[THE DATA]:
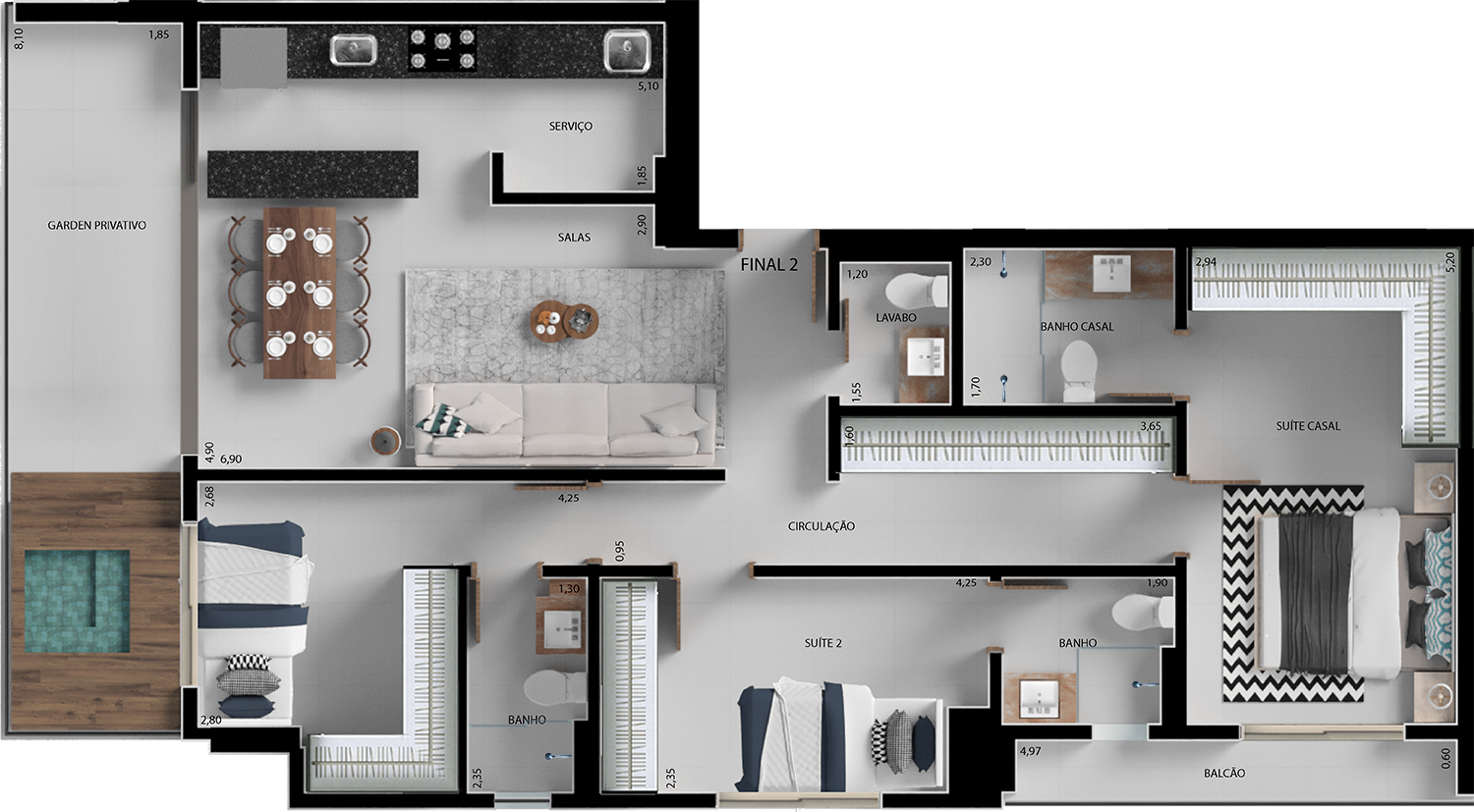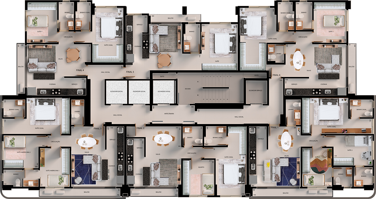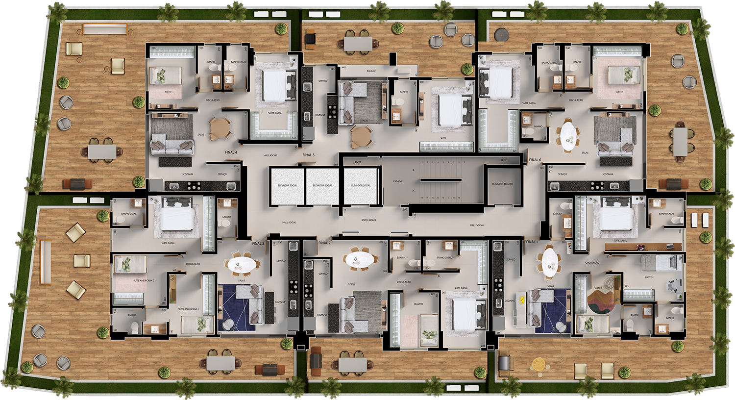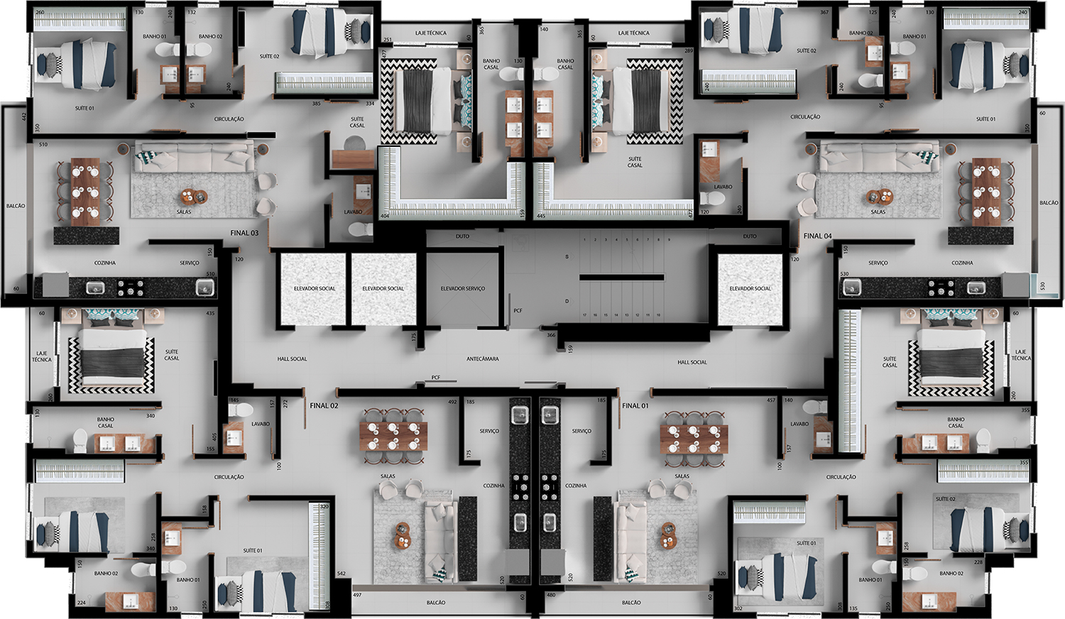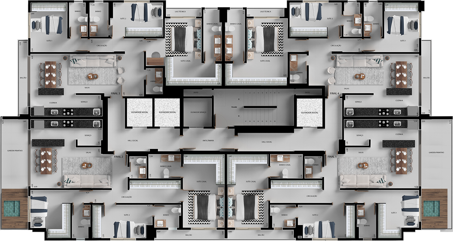 São apartamentos de 48 a 117 m² com 1, 2 e 3 suítes. Espaços com foco no conforto e com altíssimo padrão de acabamento.
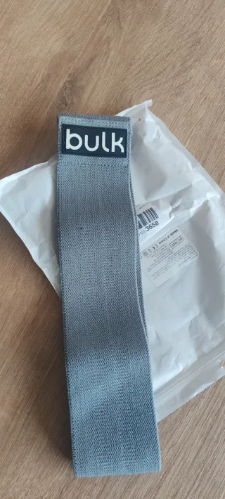 Banda de resistencia corta, ideal para ejercicios. - Color gris. - Logo de la marca 'bulk' en blanco.
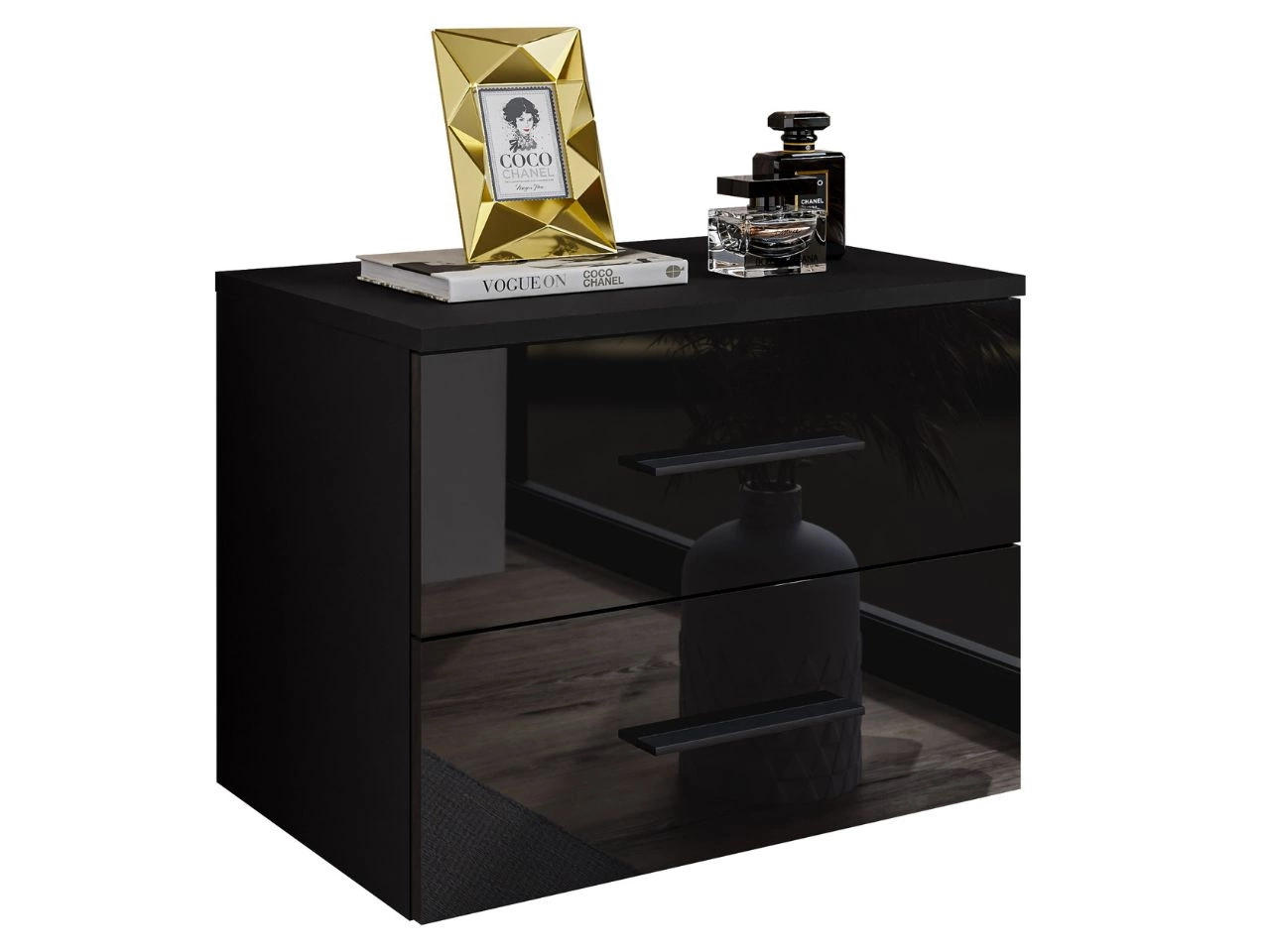 Hängender Nachttisch mit zwei Schubladen Nuveo Schwarz Hochglanz

[REQUIRED ACTION]:
Your reply should consist solely of the lines from the one containing "Banda de resistencia" through the last line of the material, reproduced exactly and without pictures.

[SOLUTION]:
 Banda de resistencia corta, ideal para ejercicios. - Color gris. - Logo de la marca 'bulk' en blanco.
 Hängender Nachttisch mit zwei Schubladen Nuveo Schwarz Hochglanz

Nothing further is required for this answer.